* Problem
Write out the whole listing exactly; no images belong in it.

* Exercise inputs
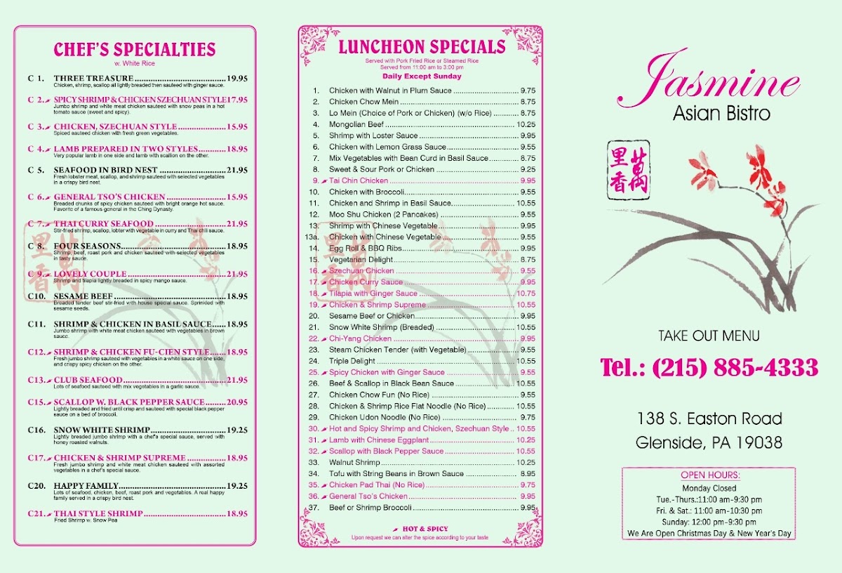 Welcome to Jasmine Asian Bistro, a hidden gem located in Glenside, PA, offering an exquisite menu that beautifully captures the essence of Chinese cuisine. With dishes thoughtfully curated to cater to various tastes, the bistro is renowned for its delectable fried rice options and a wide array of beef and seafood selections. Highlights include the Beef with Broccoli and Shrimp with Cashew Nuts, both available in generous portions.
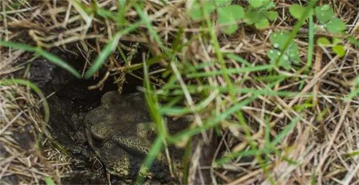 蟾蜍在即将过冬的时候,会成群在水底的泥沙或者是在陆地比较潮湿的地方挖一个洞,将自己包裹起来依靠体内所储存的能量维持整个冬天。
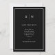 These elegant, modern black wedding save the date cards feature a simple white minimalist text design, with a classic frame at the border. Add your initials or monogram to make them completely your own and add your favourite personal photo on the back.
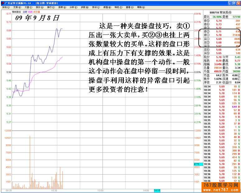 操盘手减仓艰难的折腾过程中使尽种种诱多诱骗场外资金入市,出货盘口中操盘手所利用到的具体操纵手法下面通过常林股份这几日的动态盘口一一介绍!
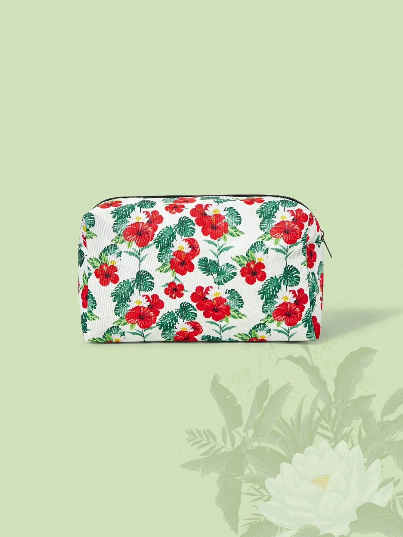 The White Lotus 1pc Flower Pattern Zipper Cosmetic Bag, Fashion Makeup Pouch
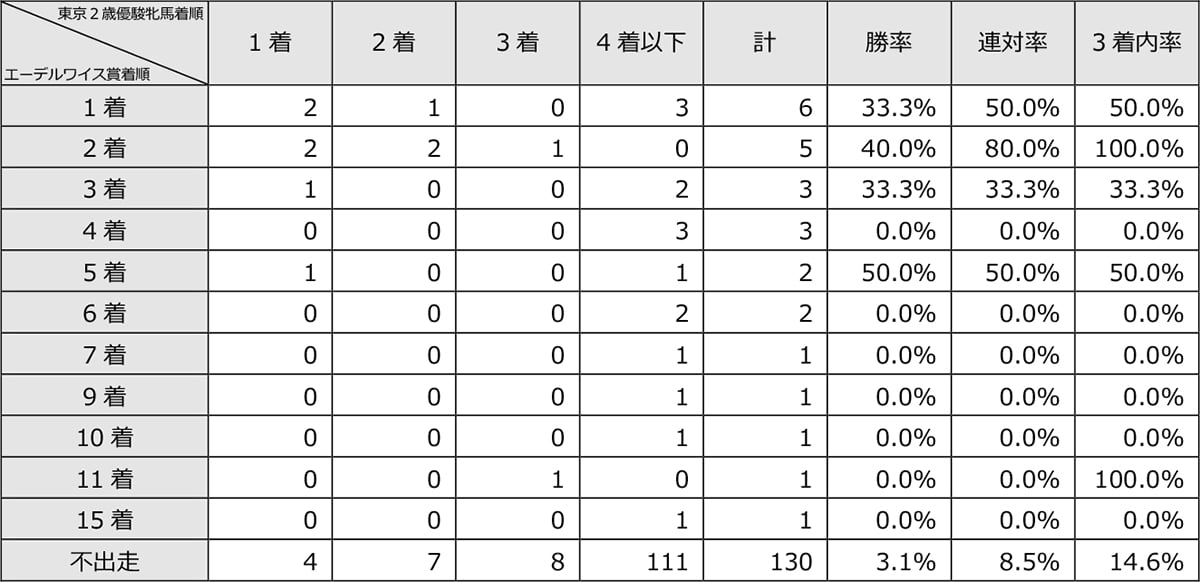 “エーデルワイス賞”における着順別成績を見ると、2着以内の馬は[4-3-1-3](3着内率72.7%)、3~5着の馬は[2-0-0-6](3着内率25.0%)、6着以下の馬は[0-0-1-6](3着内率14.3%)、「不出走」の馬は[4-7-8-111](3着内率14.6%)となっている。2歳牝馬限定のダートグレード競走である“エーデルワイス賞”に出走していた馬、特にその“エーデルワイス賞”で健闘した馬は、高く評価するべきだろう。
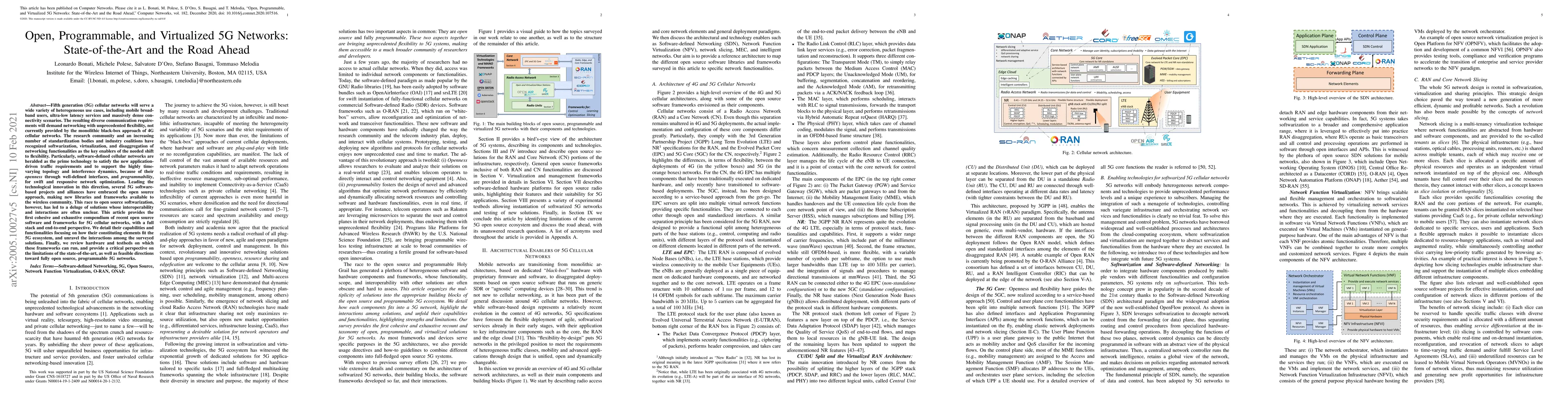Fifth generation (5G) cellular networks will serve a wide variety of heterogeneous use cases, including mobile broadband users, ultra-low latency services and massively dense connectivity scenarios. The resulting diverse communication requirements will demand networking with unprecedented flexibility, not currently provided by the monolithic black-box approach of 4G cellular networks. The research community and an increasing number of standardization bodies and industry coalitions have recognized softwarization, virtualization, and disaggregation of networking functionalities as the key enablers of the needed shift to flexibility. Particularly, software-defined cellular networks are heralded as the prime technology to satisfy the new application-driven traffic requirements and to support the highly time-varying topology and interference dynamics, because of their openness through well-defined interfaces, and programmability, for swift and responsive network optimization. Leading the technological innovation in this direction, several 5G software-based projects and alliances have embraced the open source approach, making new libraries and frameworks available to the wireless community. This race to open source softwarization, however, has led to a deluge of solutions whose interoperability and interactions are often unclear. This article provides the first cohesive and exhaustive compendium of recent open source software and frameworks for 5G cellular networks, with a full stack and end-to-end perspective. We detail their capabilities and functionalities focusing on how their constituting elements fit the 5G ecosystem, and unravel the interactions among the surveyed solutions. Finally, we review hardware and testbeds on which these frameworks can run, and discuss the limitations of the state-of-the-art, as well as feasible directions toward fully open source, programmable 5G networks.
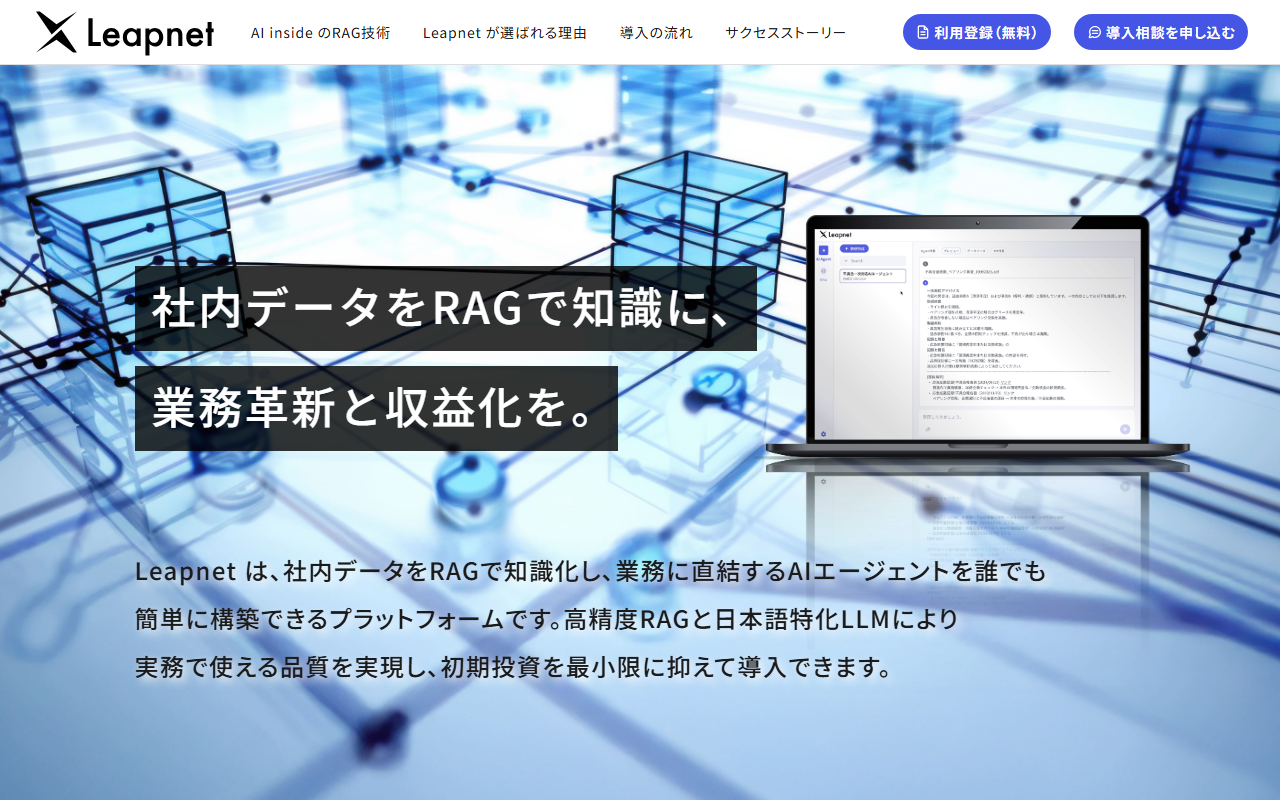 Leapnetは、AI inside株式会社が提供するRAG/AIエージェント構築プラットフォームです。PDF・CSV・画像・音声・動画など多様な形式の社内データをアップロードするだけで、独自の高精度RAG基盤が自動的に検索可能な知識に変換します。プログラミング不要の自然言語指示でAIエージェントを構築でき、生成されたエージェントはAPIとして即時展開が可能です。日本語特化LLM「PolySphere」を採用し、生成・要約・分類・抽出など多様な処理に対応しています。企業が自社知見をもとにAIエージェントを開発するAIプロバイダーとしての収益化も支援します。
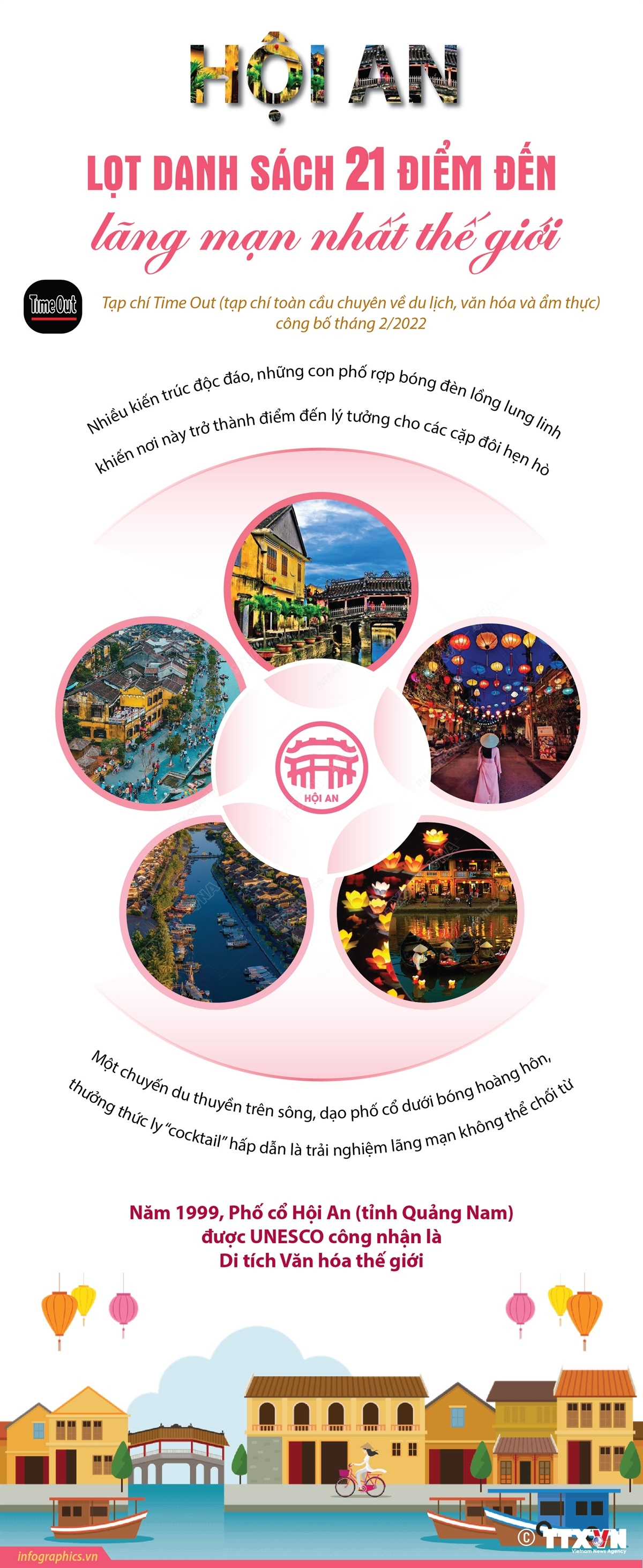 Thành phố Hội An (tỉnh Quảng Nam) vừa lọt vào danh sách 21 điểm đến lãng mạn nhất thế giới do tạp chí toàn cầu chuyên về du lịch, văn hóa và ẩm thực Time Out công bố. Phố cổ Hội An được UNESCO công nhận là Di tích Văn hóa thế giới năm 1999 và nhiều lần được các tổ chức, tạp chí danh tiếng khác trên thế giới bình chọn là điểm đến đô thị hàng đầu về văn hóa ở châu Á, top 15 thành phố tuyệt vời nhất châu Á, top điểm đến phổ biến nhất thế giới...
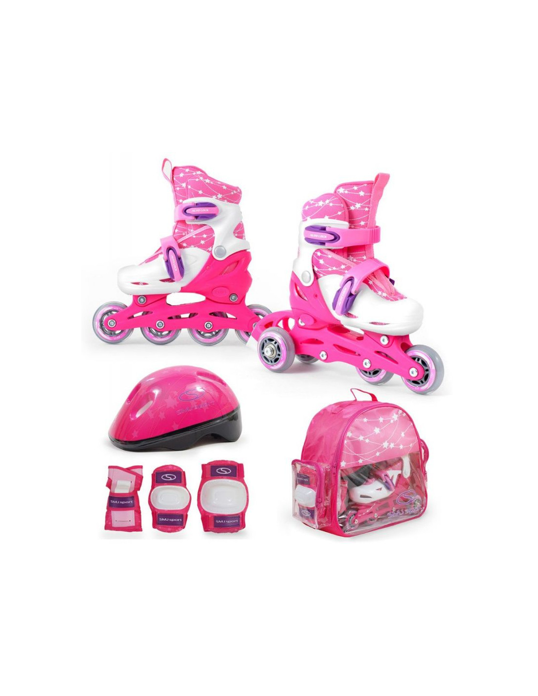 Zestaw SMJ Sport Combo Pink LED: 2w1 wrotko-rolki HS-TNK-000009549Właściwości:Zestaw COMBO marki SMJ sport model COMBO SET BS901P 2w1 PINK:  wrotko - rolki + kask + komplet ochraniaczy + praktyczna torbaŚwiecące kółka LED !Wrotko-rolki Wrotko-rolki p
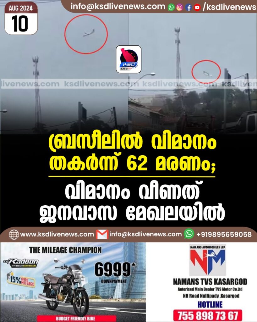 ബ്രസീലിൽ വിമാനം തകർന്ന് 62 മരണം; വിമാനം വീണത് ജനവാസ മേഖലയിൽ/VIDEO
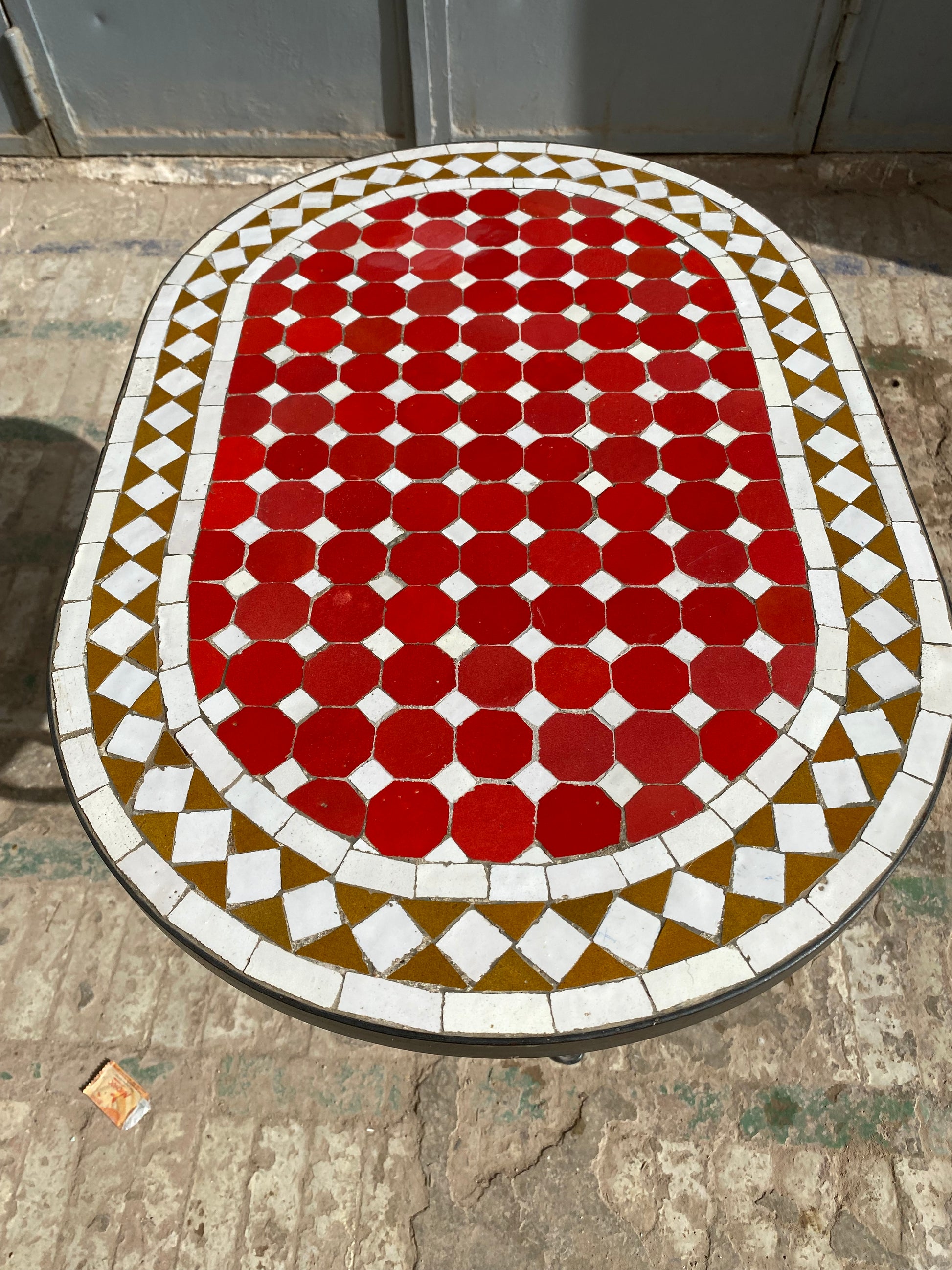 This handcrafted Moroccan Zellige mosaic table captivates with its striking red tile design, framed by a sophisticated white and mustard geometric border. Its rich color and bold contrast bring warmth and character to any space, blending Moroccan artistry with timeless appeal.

* Exercise solution
 Welcome to Jasmine Asian Bistro, a hidden gem located in Glenside, PA, offering an exquisite menu that beautifully captures the essence of Chinese cuisine. With dishes thoughtfully curated to cater to various tastes, the bistro is renowned for its delectable fried rice options and a wide array of beef and seafood selections. Highlights include the Beef with Broccoli and Shrimp with Cashew Nuts, both available in generous portions.
 蟾蜍在即将过冬的时候,会成群在水底的泥沙或者是在陆地比较潮湿的地方挖一个洞,将自己包裹起来依靠体内所储存的能量维持整个冬天。
 These elegant, modern black wedding save the date cards feature a simple white minimalist text design, with a classic frame at the border. Add your initials or monogram to make them completely your own and add your favourite personal photo on the back.
 操盘手减仓艰难的折腾过程中使尽种种诱多诱骗场外资金入市,出货盘口中操盘手所利用到的具体操纵手法下面通过常林股份这几日的动态盘口一一介绍!
 The White Lotus 1pc Flower Pattern Zipper Cosmetic Bag, Fashion Makeup Pouch
 “エーデルワイス賞”における着順別成績を見ると、2着以内の馬は[4-3-1-3](3着内率72.7%)、3~5着の馬は[2-0-0-6](3着内率25.0%)、6着以下の馬は[0-0-1-6](3着内率14.3%)、「不出走」の馬は[4-7-8-111](3着内率14.6%)となっている。2歳牝馬限定のダートグレード競走である“エーデルワイス賞”に出走していた馬、特にその“エーデルワイス賞”で健闘した馬は、高く評価するべきだろう。
Fifth generation (5G) cellular networks will serve a wide variety of heterogeneous use cases, including mobile broadband users, ultra-low latency services and massively dense connectivity scenarios. The resulting diverse communication requirements will demand networking with unprecedented flexibility, not currently provided by the monolithic black-box approach of 4G cellular networks. The research community and an increasing number of standardization bodies and industry coalitions have recognized softwarization, virtualization, and disaggregation of networking functionalities as the key enablers of the needed shift to flexibility. Particularly, software-defined cellular networks are heralded as the prime technology to satisfy the new application-driven traffic requirements and to support the highly time-varying topology and interference dynamics, because of their openness through well-defined interfaces, and programmability, for swift and responsive network optimization. Leading the technological innovation in this direction, several 5G software-based projects and alliances have embraced the open source approach, making new libraries and frameworks available to the wireless community. This race to open source softwarization, however, has led to a deluge of solutions whose interoperability and interactions are often unclear. This article provides the first cohesive and exhaustive compendium of recent open source software and frameworks for 5G cellular networks, with a full stack and end-to-end perspective. We detail their capabilities and functionalities focusing on how their constituting elements fit the 5G ecosystem, and unravel the interactions among the surveyed solutions. Finally, we review hardware and testbeds on which these frameworks can run, and discuss the limitations of the state-of-the-art, as well as feasible directions toward fully open source, programmable 5G networks.
 Leapnetは、AI inside株式会社が提供するRAG/AIエージェント構築プラットフォームです。PDF・CSV・画像・音声・動画など多様な形式の社内データをアップロードするだけで、独自の高精度RAG基盤が自動的に検索可能な知識に変換します。プログラミング不要の自然言語指示でAIエージェントを構築でき、生成されたエージェントはAPIとして即時展開が可能です。日本語特化LLM「PolySphere」を採用し、生成・要約・分類・抽出など多様な処理に対応しています。企業が自社知見をもとにAIエージェントを開発するAIプロバイダーとしての収益化も支援します。
 Thành phố Hội An (tỉnh Quảng Nam) vừa lọt vào danh sách 21 điểm đến lãng mạn nhất thế giới do tạp chí toàn cầu chuyên về du lịch, văn hóa và ẩm thực Time Out công bố. Phố cổ Hội An được UNESCO công nhận là Di tích Văn hóa thế giới năm 1999 và nhiều lần được các tổ chức, tạp chí danh tiếng khác trên thế giới bình chọn là điểm đến đô thị hàng đầu về văn hóa ở châu Á, top 15 thành phố tuyệt vời nhất châu Á, top điểm đến phổ biến nhất thế giới...
 Zestaw SMJ Sport Combo Pink LED: 2w1 wrotko-rolki HS-TNK-000009549Właściwości:Zestaw COMBO marki SMJ sport model COMBO SET BS901P 2w1 PINK:  wrotko - rolki + kask + komplet ochraniaczy + praktyczna torbaŚwiecące kółka LED !Wrotko-rolki Wrotko-rolki p
 ബ്രസീലിൽ വിമാനം തകർന്ന് 62 മരണം; വിമാനം വീണത് ജനവാസ മേഖലയിൽ/VIDEO
 This handcrafted Moroccan Zellige mosaic table captivates with its striking red tile design, framed by a sophisticated white and mustard geometric border. Its rich color and bold contrast bring warmth and character to any space, blending Moroccan artistry with timeless appeal.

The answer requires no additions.